More thoughts on topic models and tokens

I’ve been thinking a little more about how to work with the topic modeling extension I recently built for bookworm. (I’m curious if any of those running installations want to try it on their own corpus.) With the movie corpus, it is most interesting split across genre; but there are definite temporal dimensions as well. As I’ve said before, I have issues with the widespread practice of just plotting trends over time; and indeed, for the movie model I ran, nothing particularly interesting pops out. (I invite you, of course, to tell me how it is interesting.)

So here I’m going to give two different ways of thinking about the relationship between topic labels and the actual assigned topics that underlie them.

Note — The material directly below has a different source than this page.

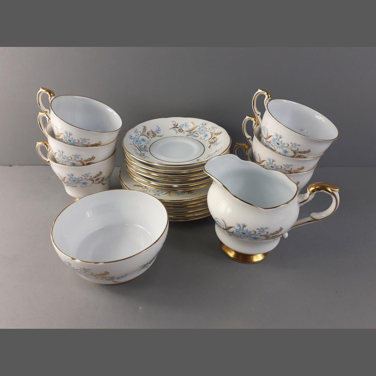 A part COLCLOUGH Braganza tea set to include 2 cups, 6 side plates, 6 saucers, 1 cake plate, 1 teapot and a sugar bowl. No visible damage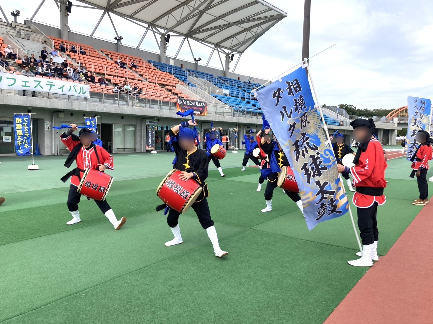 毎年参加させて頂いていて、今年もエイサー演舞をおこなわせていただきました。

One way of thinking about the tension between a topic and the semantic field of the words that make it up is to simply just plot the “topic” percentages vs the overall percentages of the actual words. So in this chart, you get all the topics I made on 80,000 movie and TV scripts: in red are the topic percentages, and in blue are the percentages for the top five words in the topic. Sometimes the individual tokens are greater than the topic, as in “Christmas dog dogs little year cat time,” probably mostly because “time” is an incredibly common word that swamps the whole thing; sometimes the topic is larger than the individual words, as in the swearing topic, but there are all sorts of ways of swearing beside the topic assignments.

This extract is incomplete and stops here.